Three new white papers are now out comparing the performance characteristics and differences between Solaris ZFS and Microsoft, Red Hat and Veritas. 

SOLARIS™ ZFS AND MICROSOFT SERVER 2003 NTFS FILE SYSTEM PERFORMANCE WHITE PAPER Click here for PDF
The Solaris™ 10 06/06 Operating System (OS) introduced a new data management technology — the Solaris ZFS file system. Replacing the traditionally separate file system and volume manager functionality found in most operating environments, Solaris ZFS provides immense capacity and performance coupled with a proven data integrity model and simplified administrative interface. This white paper explores the performance characteristics and differences of Solaris ZFS and the Microsoft Windows Server 2003 NTFS file system through a series of publicly available benchmarks, including BenchW, Postmark, and others.

SOLARIS™ ZFS AND RED HAT ENTERPRISE LINUX EXT3 FILE SYSTEM PERFORMANCE WHITE PAPER Click here for PDF
The Solaris™ 10 06/06 Operating System (OS) introduced a major new data management technology — the Solaris ZFS file system.

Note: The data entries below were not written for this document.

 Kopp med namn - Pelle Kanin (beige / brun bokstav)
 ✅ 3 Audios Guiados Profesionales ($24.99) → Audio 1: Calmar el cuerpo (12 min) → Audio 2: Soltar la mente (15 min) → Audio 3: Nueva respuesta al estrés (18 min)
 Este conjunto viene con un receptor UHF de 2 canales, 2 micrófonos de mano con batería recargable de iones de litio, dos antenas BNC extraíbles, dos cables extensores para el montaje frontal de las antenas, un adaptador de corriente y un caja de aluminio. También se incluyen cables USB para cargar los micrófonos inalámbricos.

Replacing the traditionally separate file system and volume manager functionality found in most operating environments, Solaris ZFS provides immense capacity and performance coupled with a proven data integrity model and simplified administrative interface. This white paper explores the performance characteristics and differences of Solaris ZFS and the ext3 file system through a series of benchmarks based on use cases derived from common scenarios, as well as the IOzone File System Benchmark (IOzone benchmark) which tests specific I/O patterns.

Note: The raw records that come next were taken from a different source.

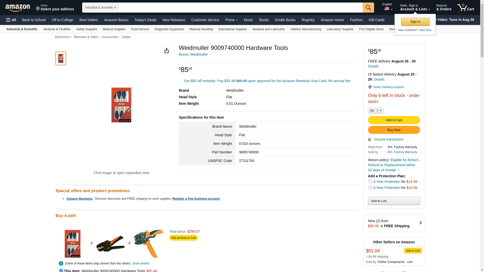 ![]() Digi-Key | 281-3087-ND | 1 | 6 | 1 | 1 @ $64.31, 5 @ $60.53, 10 @ $58.64, 25 @ $56.74 |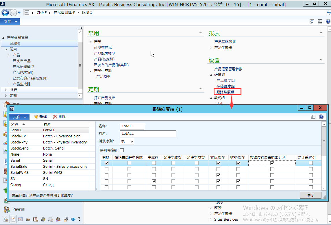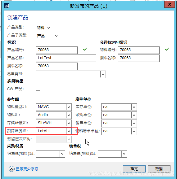 1.在CNMF/产品信息管理/区域页/设置/维度组-新建批号追踪 LOTALL,选择必要的追踪选项。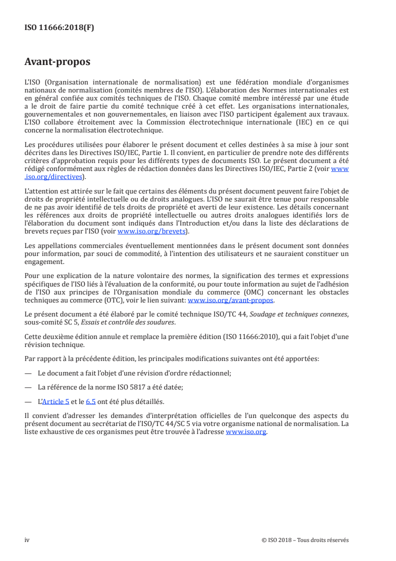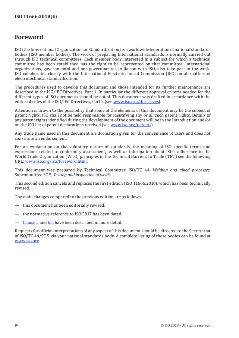 ISO 11666:2018 - Essais non destructifs des assemblages soudés — Contrôle par ultrasons — Niveaux d'acceptation Released:2/1/2018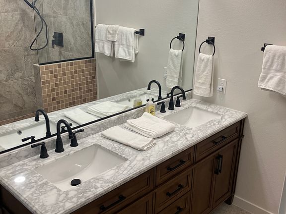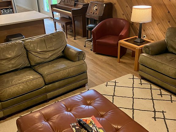 This fully furnished and equipped 3-bedroom, 2 full bath riverfront property is located on a large one-acre lot on a quiet street in a safe and scenic neighborhood. It is the lower, north facing (river view) level of a nice duplex. No yard work is required. The open floor plan includes a large Great Room that connects the living area, dining space and newly remodeled kitchen. The Great Room has a 65-inch LGTV, leather couch, loveseat and ottoman and an upright piano. The separate laundry room includes a full-size ironing board and iron, counter space, cabinets and a stainless-steel laundry sink. The master bedroom suite offers a comfortable King Stearns & Foster bed, 65-inch LGTV and ensuite bathroom that features a large tiled walk-in shower and separate toilet area. The second bedroom provides versatility with both a Queen bed and an XL Twin bed. The Den/office space easily functions as a 3rd bedroom with its sofa hide-a-bed. Total sleep capacity is 6 people. Outside, the backyard is a private oasis, featuring a spacious patio with table and chairs and a full-size gas BBQ. The river offers swimming, tubing, kayaking and fishing for trout and salmon. You can also just relax and unwind as you watch the wildlife along the river. Parking spaces for up to 3 vehicles includes one private covered space and two assigned off-street spaces. Additional street parking is also available. Located close to all amenities, schools, parks, and recreational facilities, this property features the convenience of urban living while providing a peaceful ambiance that is a welcome retreat from city noise and traffic.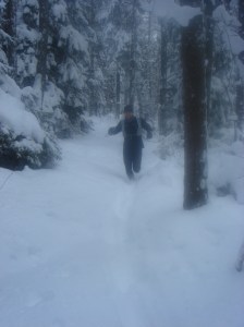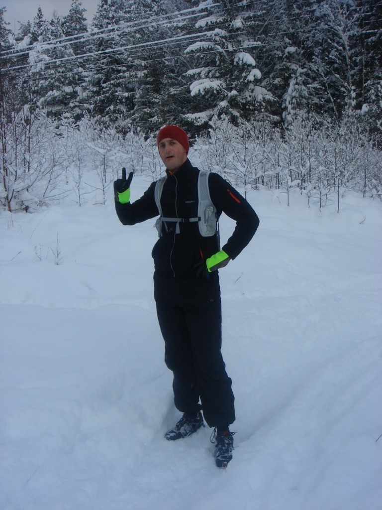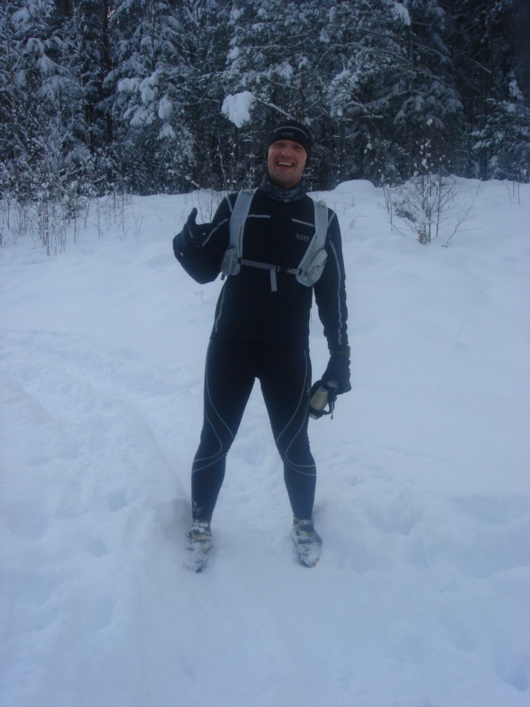 Sprang ändå bort mig totalt och stod så där mitt inne i skogen och undrade var f..n jag var. Min Garmin var just då inte mycket till hjälp, men efter några minuters pulsande i knädjup snö så hittade jag iaf spåret och Garmin vibrerade med budskapet ”course found”. Pust. Kunde se mig själv sitta fastfrusen i snön när räddningsmanskapet hittar mig…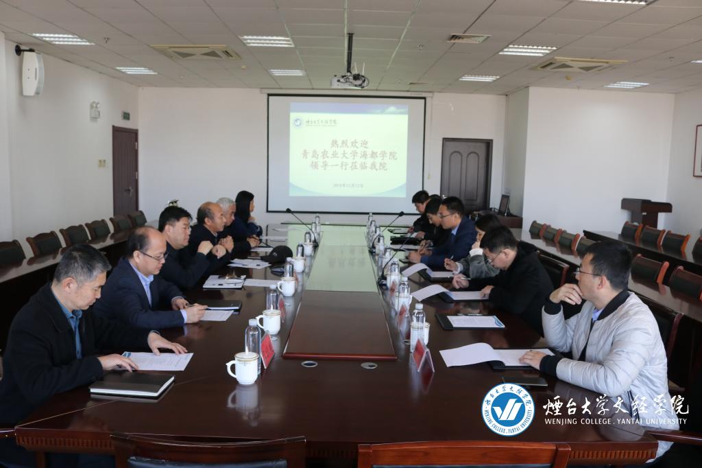 12月12日,启地教育集团副总裁仇慧、海都集团副总裁纪智远,青岛农业大学海都学院副院长张广伟、杨洲等一行七人来我院交流考察。我院党委书记唐家弘,副院长王来武、辛连军,院长助理莫红菊以及院办、财务部、后勤部等相关职能部门负责人在六楼会议室接待来宾并举行会谈。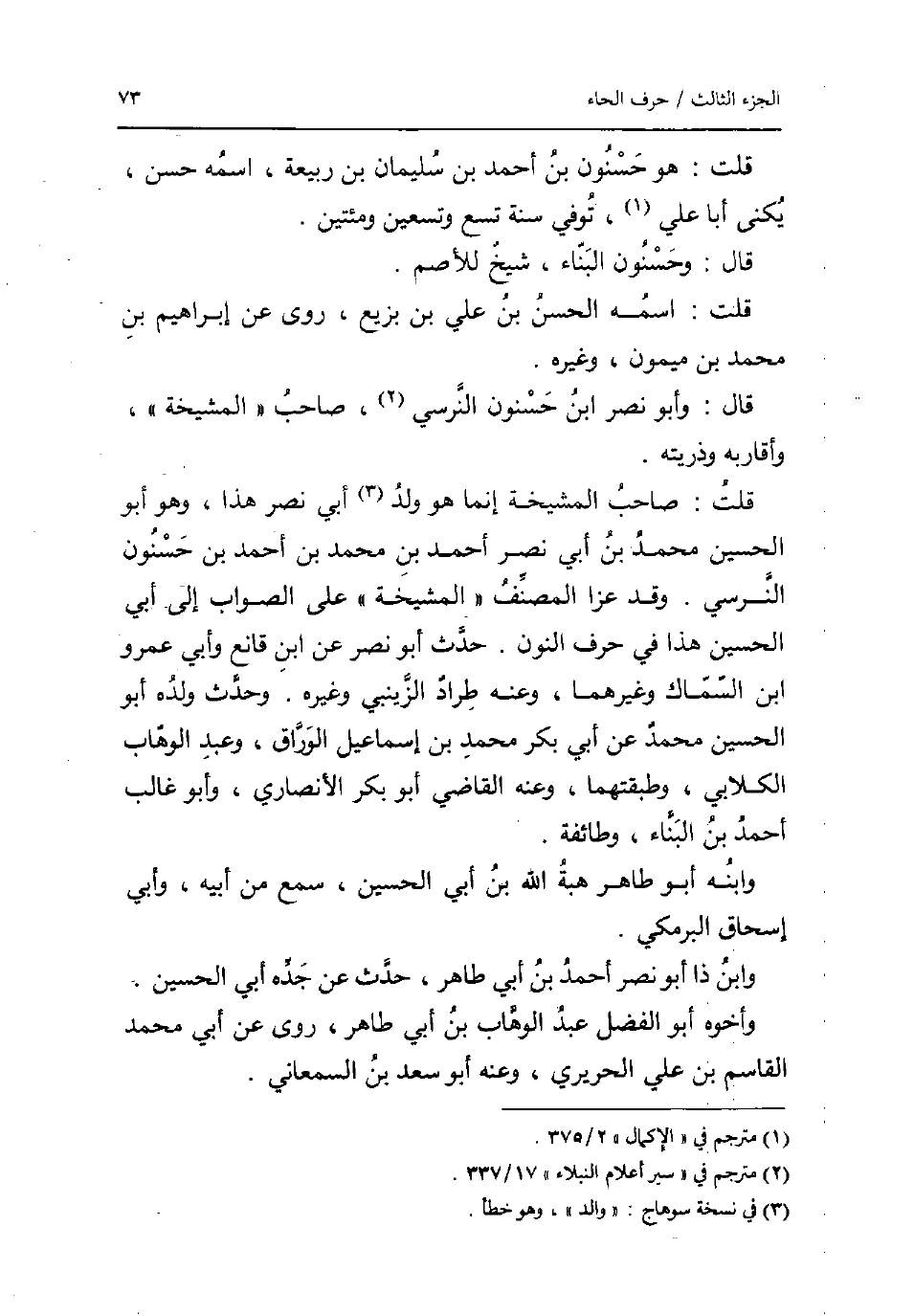 قلت: هُوَ حسنون بن أَحْمد بن سُلَيْمَان بن ربيعَة اسْمه حسن يكنى أَبَا عَليّ توفّي سنة تسع وَتِسْعين ومئتين. قَالَ: وحسنون الْبناء شيخ للأصم. قلت: اسْمه الْحسن بن عَليّ بن بزيع روى عَن إِبْرَاهِيم بن مُحَمَّد بن مَيْمُون وَغَيره. قَالَ: وَأَبُو نصر ابْن حسنون النَّرْسِي صَاحب المشيخة وأقاربه وَذريته. قلت: صَاحب المشيخة إِنَّمَا هُوَ ولد أبي نصر هَذَا وَهُوَ أَبُو الْحُسَيْن مُحَمَّد بن أبي نصر أَحْمد بن مُحَمَّد بن أَحْمد بن حسنون النَّرْسِي. وَقد عزا المُصَنّف المشيخة على الصَّوَاب إِلَى أبي الْحُسَيْن هَذَا فِي حرف النُّون. حدث أَبُو نصر عَن ابْن قَانِع وَأبي عَمْرو ابْن السماك وَغَيرهمَا وَعنهُ طراد الزَّيْنَبِي وَغَيره. وَحدث وَلَده أَبُو الْحُسَيْن مُحَمَّد عَن أبي بكر مُحَمَّد بن إِسْمَاعِيل الْوراق وَعبد الْوَهَّاب الْكلابِي وطبقتهما وَعنهُ القَاضِي أَبُو بكر الْأنْصَارِيّ وَأَبُو غَالب أَحْمد بن الْبناء وَطَائِفَة. وَابْنه أَبُو طَاهِر هبة الله بن أبي الْحُسَيْن سمع من أَبِيه وَأبي إِسْحَاق الْبَرْمَكِي. وَابْن ذَا أَبُو نصر أَحْمد بن أبي طَاهِر حدث عَن جده أبي الْحُسَيْن. وَأَخُوهُ أَبُو الْفضل عبد الْوَهَّاب بن أبي طَاهِر روى عَن أبي مُحَمَّد الْقَاسِم بن عَليّ الحريري وَعنهُ أَبُو سعد بن السَّمْعَانِيّ.

SOLARIS™ ZFS AND VERITAS STORAGE FOUNDATION FILE SYSTEM PERFORMANCE WHITE PAPER  Click here for PDF
The Solaris™ 10 06/06 Operating System (OS) introduces a major new data management technology — the Solaris ZFS file system. Replacing the traditionally separate file system and volume manager functionality found in most operating environments, Solaris ZFS provides immense capacity and performance coupled with a proven data integrity model and simplified administrative interface. This white paper explores the performance characteristics and differences of Solaris ZFS and the Veritas File System through a series of tests using the Filebench benchmarking framework which reproduces the I/O patterns of applications, as well as the popular IOzone benchmark which tests specific I/O patterns.

Comments:

These are interesting tests, but there is an anomaly in the ext3 and vxfs mesurements. Since there are 4*2Gb FC links to the array, the maximal bit rate is 8 Gbps = 1 GB/s. It is the same limit as the PCI-X 133 BTW. But there are graphs which show read and write performances above this number, particularly in the zfs vs ext3 paper. At first I thought this was because only zeroes were written and the controller only sent changes, but even if that was the case, we would still be bound to the PCI-X speed (1 GB/s). So I really think that there are some anomalies in some tests.